**EXTRACTED DATA**
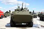 | Armement secondaire | 1 mitrailleuse coaxiale PKTM de 7,62 mm (2 000 munitions) 1 lance-grenades AGS-17 de 30mm (400 munitions) 1 lance-missiles antichars 9K113M Konkurs-M /AT-5 Spandrel (4 missiles embarqués) |
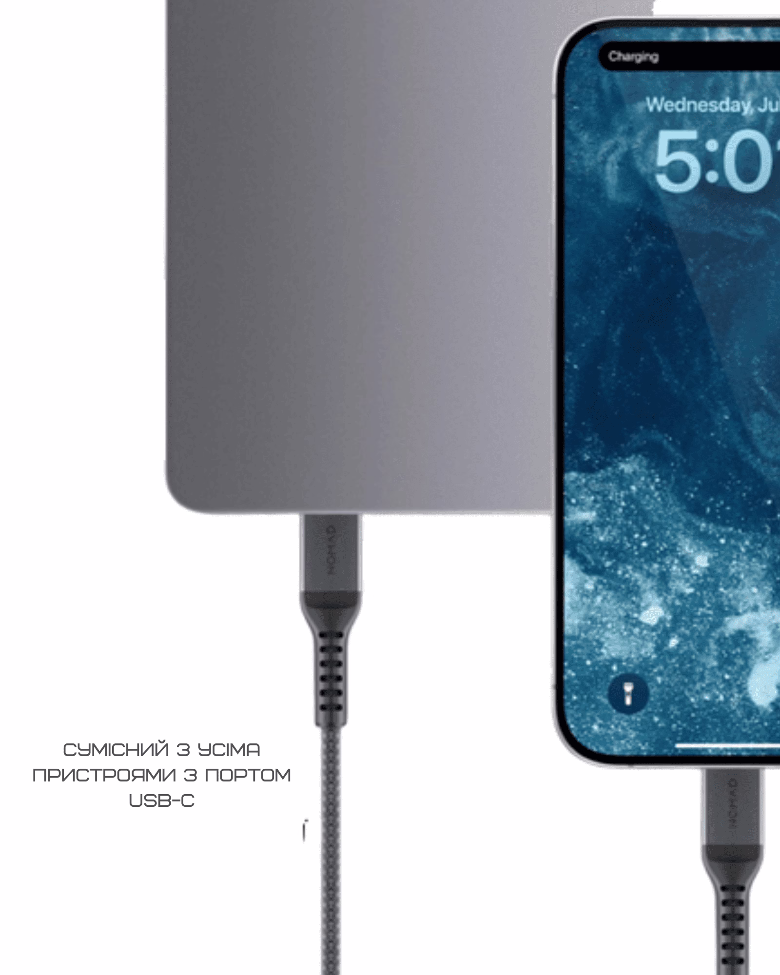 Nomad USB-C Kevlar Cable підтримує зарядку до 100 Вт, що робить його ідеальним для зарядки потужних пристроїв, таких як iPhone, iPad, MacBook, AirPods та інших гаджетів з портами USB-C. Забезпечуючи швидку і безпечну зарядку, він дозволяє швидко відновити енергію Ваших пристроїв, що особливо важливо, коли час на рахунку.
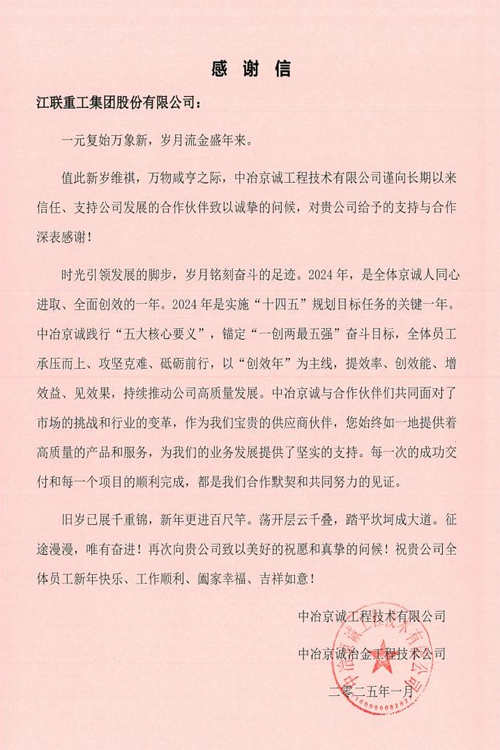 近日,公司收到了來自中冶京誠工程技術(shù)有限公司和中冶京誠冶金工程技術(shù)公司的聯(lián)名感謝信,對我司在九江鋼鐵超高溫亞臨界煤氣發(fā)電工程項目中的鼎力支持表示了感謝,并對我司在技術(shù)實力、項目管理以及質(zhì)量管控等方面的出色表現(xiàn)給予了高度評價。
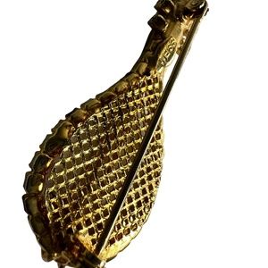 Vintage Weiss Clear Red Rhinestone Guitar Bango Gold Tone Brooch
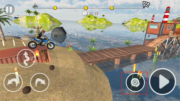 在行驶过程中,左下角按钮用于微调车身前后角度,这对空中特技和落地稳定性至关重要。右下角主按键控制油门加速,长按可提升速度;旁边的小按钮为刹车,用于精准控速或紧急减速。
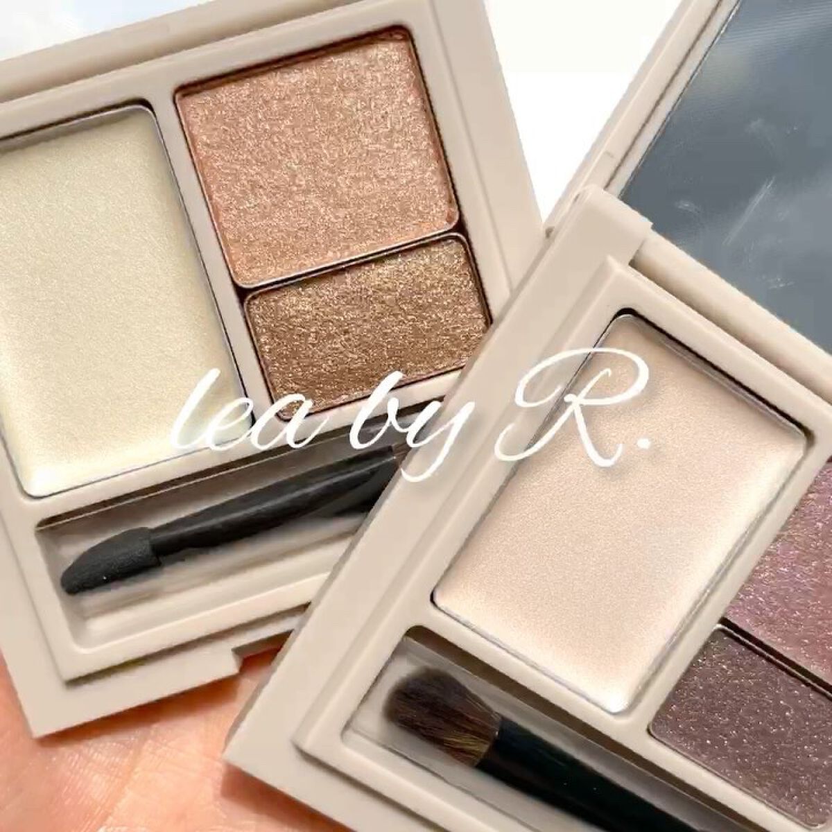 アルモニーアイズは2色で仕上げるのでテクニック要らずで、誰でも綺麗なグラデーションが出来るのが魅力🥺✨ ブラウンベースのカラーが豊富🙆♀️締め色がないので程よい抜け感が出ます🙌 キラキラしすぎない上品なパール感が本当に使いやすいですよ❤️ 3850円という価格も嬉しい✨ 左側のカラーを二重幅にのせてから、右側のカラーをアイホール全体にのせるだけ😊
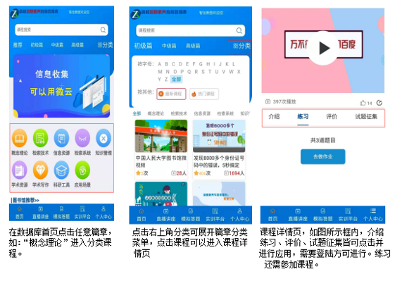 信息时代,需要信息素养。具有良好的信息素养,可以把事情做得更快、更好、更有效率,可以为自主学习、终身学习打下良好基础。高校信息素养教育数据库,课程涵盖了概念理论篇、检索技术篇、信息资源篇、检索系统篇、知识管理篇、学术资源篇、学术写作篇、科研工具篇、应用场景篇九大模块的数百节培训课程,以微视频的方式,通过2-5分钟讲述一个知识点,视频简短,但是干货满满,便于利用碎片化时间进行学习,可以视为高校《文献检索》或《信息检索》课程的升级版,跳出传统文检课的框架,重新定义信息素养教育的核心和逻辑;本数据库采用全案例教学,注重探究,将知识点嵌入到具体的案例中,在案例设计的过程中强化探究性,同时每个课程后面有相关的课后练习题,从而实现边学边练习。
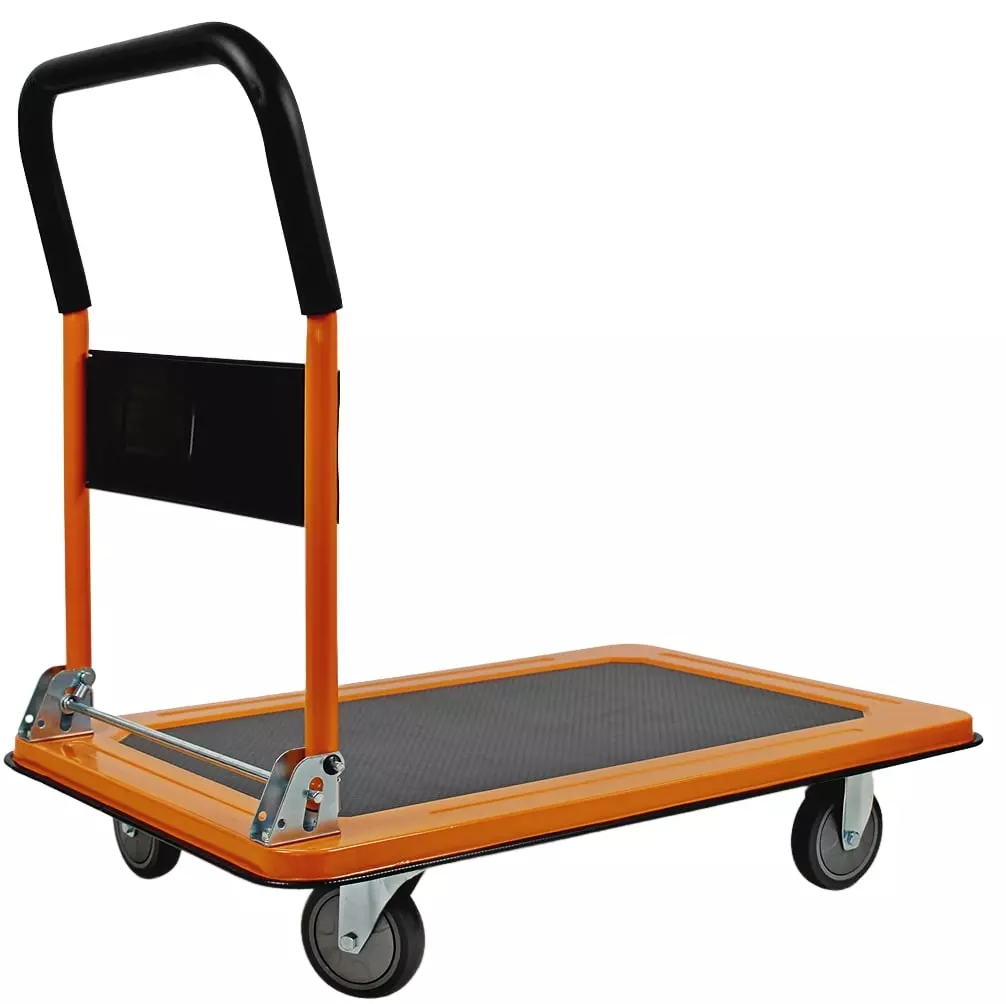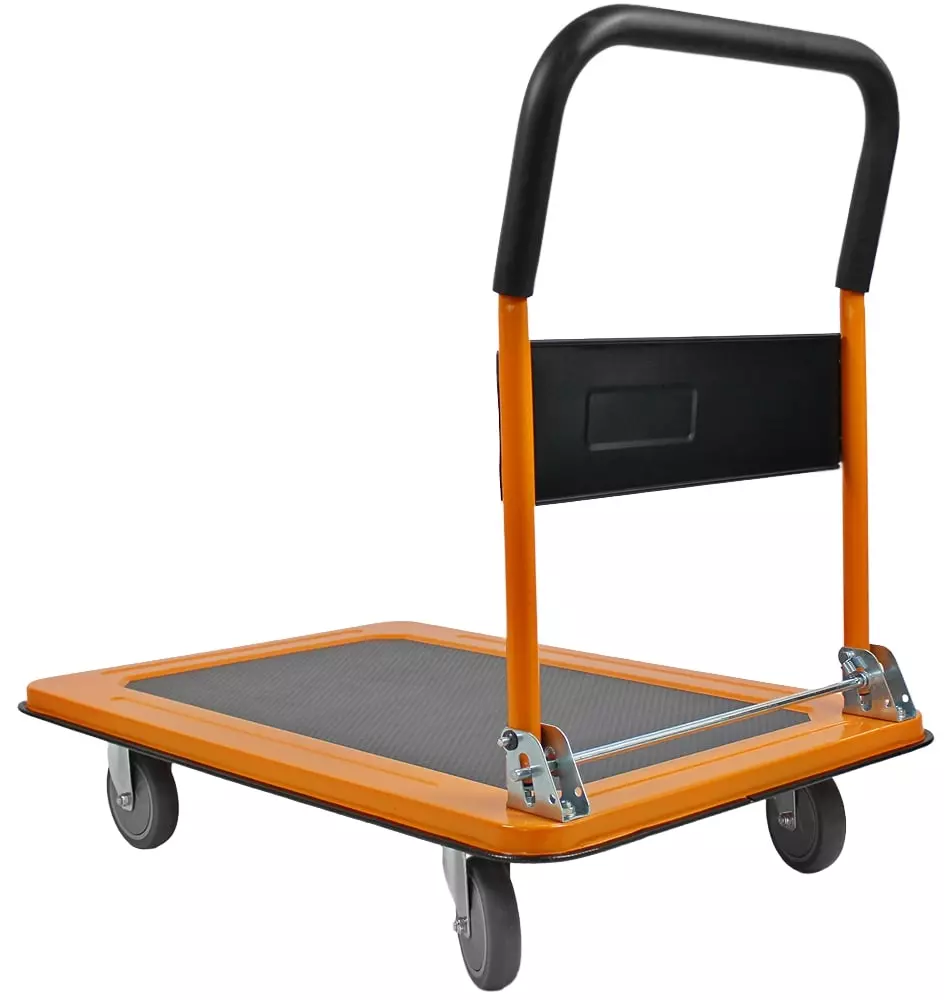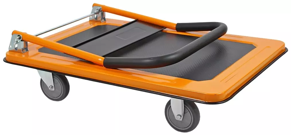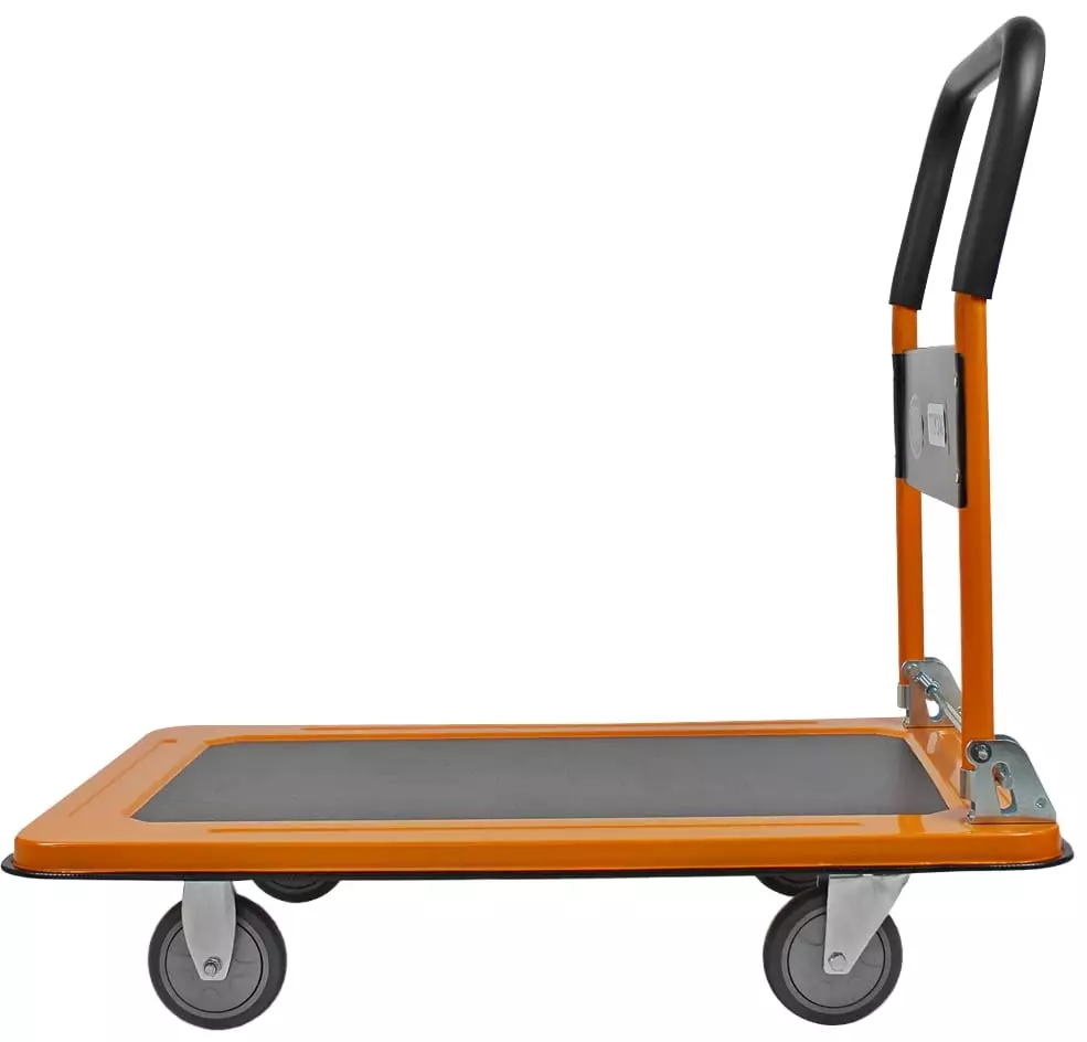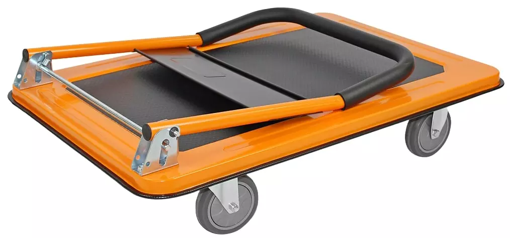 Платформенная тележка ТП 300 служит для транспортировки различных грузов суммарной массой до 300 кг. Отсутствие бортиков позволяет перевозить неформатные грузы. Тележка обладает сплошной металлической платформой толщиной 1 мм, четырьмя колесами (два поворотных) и складной ручкой.

**YOUR GOAL**
Give back all of the entries above exactly, with the pictures excluded.

**PROBLEM SOLUTION**
 | Armement secondaire | 1 mitrailleuse coaxiale PKTM de 7,62 mm (2 000 munitions) 1 lance-grenades AGS-17 de 30mm (400 munitions) 1 lance-missiles antichars 9K113M Konkurs-M /AT-5 Spandrel (4 missiles embarqués) |
 Nomad USB-C Kevlar Cable підтримує зарядку до 100 Вт, що робить його ідеальним для зарядки потужних пристроїв, таких як iPhone, iPad, MacBook, AirPods та інших гаджетів з портами USB-C. Забезпечуючи швидку і безпечну зарядку, він дозволяє швидко відновити енергію Ваших пристроїв, що особливо важливо, коли час на рахунку.
 近日,公司收到了來自中冶京誠工程技術(shù)有限公司和中冶京誠冶金工程技術(shù)公司的聯(lián)名感謝信,對我司在九江鋼鐵超高溫亞臨界煤氣發(fā)電工程項目中的鼎力支持表示了感謝,并對我司在技術(shù)實力、項目管理以及質(zhì)量管控等方面的出色表現(xiàn)給予了高度評價。
 Vintage Weiss Clear Red Rhinestone Guitar Bango Gold Tone Brooch
 在行驶过程中,左下角按钮用于微调车身前后角度,这对空中特技和落地稳定性至关重要。右下角主按键控制油门加速,长按可提升速度;旁边的小按钮为刹车,用于精准控速或紧急减速。
 アルモニーアイズは2色で仕上げるのでテクニック要らずで、誰でも綺麗なグラデーションが出来るのが魅力🥺✨ ブラウンベースのカラーが豊富🙆♀️締め色がないので程よい抜け感が出ます🙌 キラキラしすぎない上品なパール感が本当に使いやすいですよ❤️ 3850円という価格も嬉しい✨ 左側のカラーを二重幅にのせてから、右側のカラーをアイホール全体にのせるだけ😊
 信息时代,需要信息素养。具有良好的信息素养,可以把事情做得更快、更好、更有效率,可以为自主学习、终身学习打下良好基础。高校信息素养教育数据库,课程涵盖了概念理论篇、检索技术篇、信息资源篇、检索系统篇、知识管理篇、学术资源篇、学术写作篇、科研工具篇、应用场景篇九大模块的数百节培训课程,以微视频的方式,通过2-5分钟讲述一个知识点,视频简短,但是干货满满,便于利用碎片化时间进行学习,可以视为高校《文献检索》或《信息检索》课程的升级版,跳出传统文检课的框架,重新定义信息素养教育的核心和逻辑;本数据库采用全案例教学,注重探究,将知识点嵌入到具体的案例中,在案例设计的过程中强化探究性,同时每个课程后面有相关的课后练习题,从而实现边学边练习。
 Платформенная тележка ТП 300 служит для транспортировки различных грузов суммарной массой до 300 кг. Отсутствие бортиков позволяет перевозить неформатные грузы. Тележка обладает сплошной металлической платформой толщиной 1 мм, четырьмя колесами (два поворотных) и складной ручкой.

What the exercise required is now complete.